Inmates Expected to Receive Pell Grants Again
WASHINGTON — On July 31, the Obama administration is expected to announce the restoration of federal Pell grant eligibility to prison inmates. While the move will expand educational opportunities to incarcerated individuals for an expected trial period of three to five years, it could also help decrease recidivism and alleviate prison crowding across the country.
Pell grants are generally reserved for undergraduates who have not already earned a bachelor’s or professional degree, and were designed to serve low-income students. Language on the U.S. Department of Education’s federal student aid website currently still states that those incarcerated in a federal or state penal institution are not eligible. A provision in the Higher Education Act, however, would allow the Education Department to suspend certain existing rules temporarily in order to study their effectiveness, paving the way for Pell grant reinstatement to inmates. Under this new plan, federal Pell grants would cover up to $5,775 per inmate annually for tuition, books, fees and related expenses.
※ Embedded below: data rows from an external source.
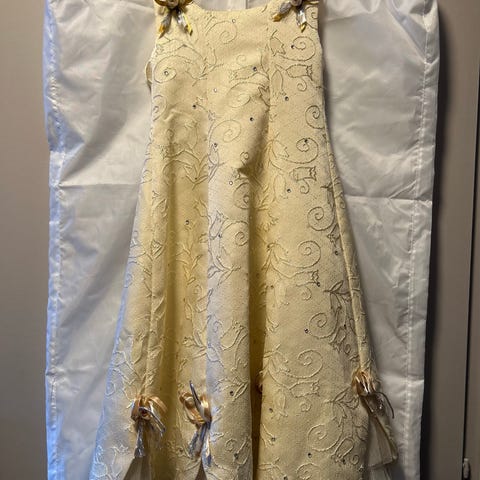 Kjempe søt kjole som kan brukes som pen kjole/brudepikekjole. «ermene» kan brukes som på bildet, eller oppå skuldrene.
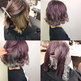 3回ブリーチベースにシルバーとパープルのツートーンカラー
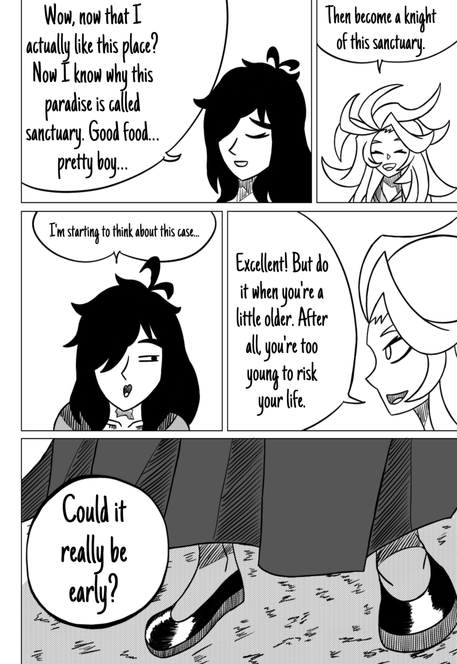 The vessel of the Ghost god was attacked by a mythological creature and saved by the dragon knight. While she was admitted to the knights’ accommodation called a sanctuary, the sanctuary nurse ended up planting an interesting idea in Gaby’s head. Meanwhile, the dragon knight named Orleans and his apprentice named Windows go on a mission that ends up crashing into a demon vessel.
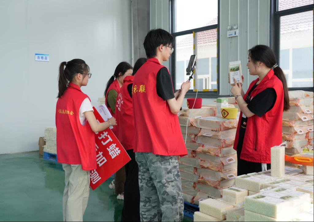 “家人们,这袋朔湖春·粳香米来自段庄村的生态稻田,脱壳、分拣全流程透明化,水雾抛光,无打蜡、0添加、可追溯,每一粒都藏着乡亲们的汗水……”在朔湖米业直播间里,学生们化身“理论宣讲员+助农主播”,既用专业术语介绍稻米品质,更用朴实语言讲述着乡村振兴故事。丁杰书记也走进直播间,与大学生们一同推介农产品。这场“理论+实践”的直播,不仅是带货,更是一堂鲜活的“乡村振兴思政课”,让学生们在与村民的互动中理解“共同富裕”的内涵,在销量增长的数字里体会“实践是检验真理的唯一标准”的深意。
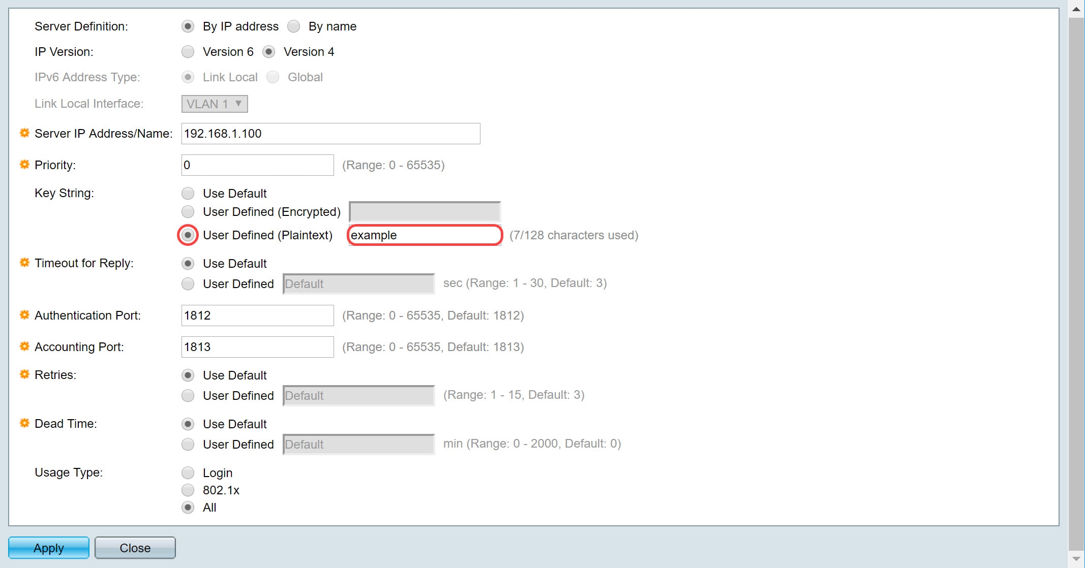 步骤7.输入用于验证和加密设备与RADIUS服务器之间通信的密钥字符串。此密钥必须与RADIUS服务器上配置的密钥匹配。可以以加密或明文格式输入它。如果选择Use Default,设备将尝试使用默认密钥字符串向RADIUS服务器进行身份验证。我们将使用“用户定义(明文)”并在关键示例中输入。
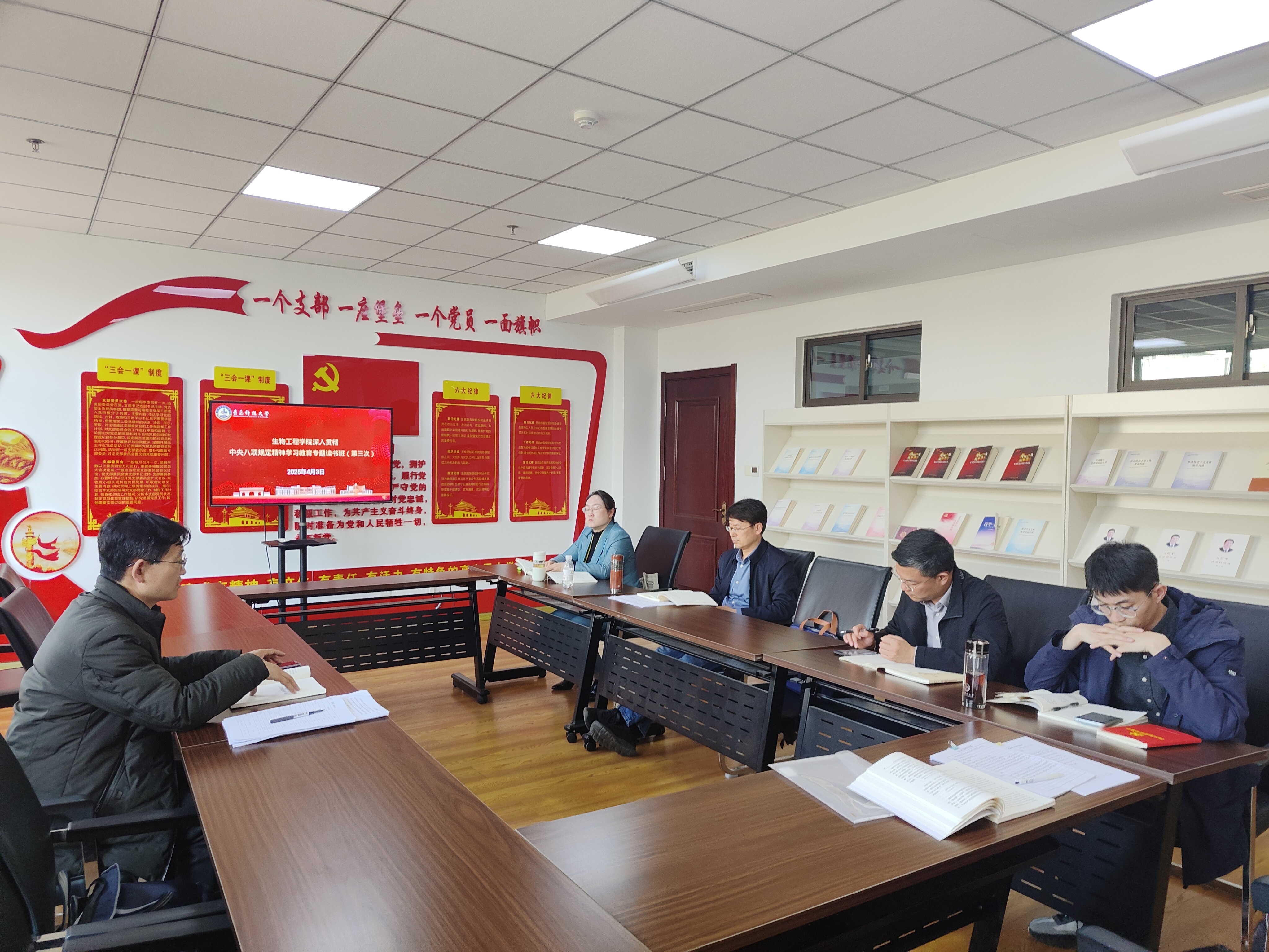 4月3日下午,学院班子成员在崂山校区综合服务楼4008会议室进行专题学习,每人逐字逐句领学《习近平关于加强党的作风建设论述摘编》讲话原文。
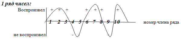 Экспериментатор читает испытуемому числа 1 ряда с интервалом в 1 секунду. Затем испытуемый записывает запомнившиеся ему числа.
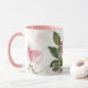 Esta linda caneca tem um lindíssimo padrão floral vintage de flores rosa e folhas verdes contra um fundo desfocado.
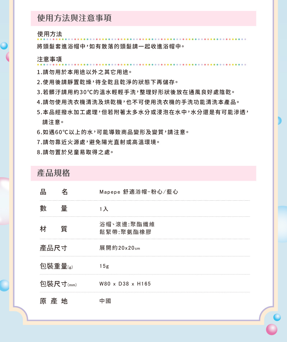 【產品名稱】Mapepe 舒適輕薄浴帽 1入
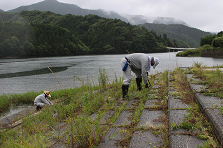国営道前道後平野土地改良事業で造成した面河ダムは、道前道後平野の農業用水の水源となっています。この水源地域の環境整備をお手伝いするため、 面河ダム公園周辺の清掃を行う活動へ参加いたしました。
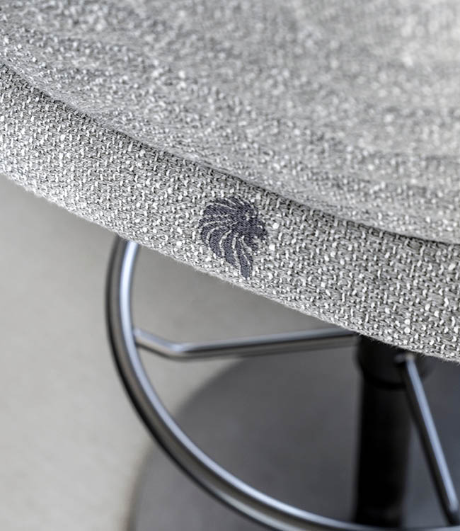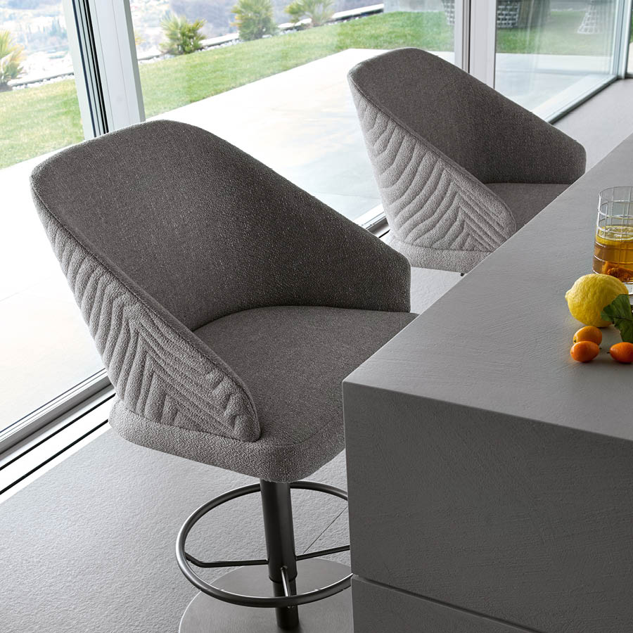 Bar stool in solid beech with swivel and adjustable seat height cm 61/96. Base in satin grey nickel stainless steel with lasered Giorgio Collection logo. Back in quilted first grade leather, nubuk leather, lizard printed leather, velvet or suede fabric with embroidered Giorgio Collection logo on the base.
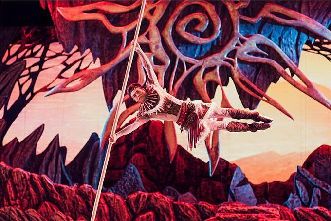 雜技藝術在劇場空間維度的呈現(xiàn),一是把身體作為一種最為本質的符號材料進行直接表現(xiàn);二是通過與物體、音樂、舞蹈、燈光、唱詩等的排列組合,展示技藝的身體與物體、空間的關系,達到彰顯其生命意蘊與美學品質的目的。劇中網(wǎng)吊、綢吊、轉動桿上技巧等項目非常炫技,展現(xiàn)了現(xiàn)代雜技的審美意境,詩與思在舞臺上相得益彰。綢吊極具浪漫色彩,承載著輪回與終極的生命哲理;智者的“唱詩”,凸顯了該劇的史詩特征,增加地域文化和遠古歷史的厚重感。

As with all Pell grants, funds would be directed to the institution and not to the individual student. Pell grants are currently available to students in juvenile justice facilities.
Adult inmates received approximately $34 million in Pell grants in 1993, according to the Wall Street Journal, but Congress moved to make incarcerated persons ineligible for the benefit the following year. While private foundations have helped support prison education programs, the funding loss resulted in a marked decrease in institutional college programs and preceded the prison population spike that began in the mid 1990s. The prison population doubled to approximately 1.6 million inmates by 2013, of which many were repeat offenders, according to the Wall Street Journal.
Studies have shown that providing inmates opportunities for education can help decrease the odds of recidivism, and the impending move to restore educational funding for inmates has received support from several Democratic congress members. New York Gov. Andrew Cuomo this year proposed a similar education funding plan for inmates in that state, and California Gov. Jerry Brown recently signed legislation that included funding for college classes in state prisons.
Opponents, however, argue that supporting inmate education is an improper use of funds, and that education money should be directed to traditional students and working families struggling to pay rising tuition costs.
Education is also playing into the larger conversation about prison crowding in facilities across the country. A study conducted in 2013 by the Rand Corp. included several key findings that support the use of education as a recidivism-fighting tool. The study found that inmates who participate in correctional education programs had 43 percent lower odds of recidivating than those who did not, and that participation in education programs improved an inmate’s chances of finding employment post-release by 13 percent.
“Correctional education programs provide incarcerated individuals with the skills and knowledge essential to their futures,” said Secretary of Education Duncan in a statement. “Investing in these education programs helps released prisoners get back on their feet—and stay on their feet—when they return to communities across the country.”
The study also concluded that providing correctional education could be cost-effective when it comes to reducing recidivism. Direct costs for education inmates ranged from $1,400 to $1,744, but the study also pointed out that each state dollar spent on education inmates saved approximately five dollars in incarceration costs.
Researchers recommended further study and funding of the issue.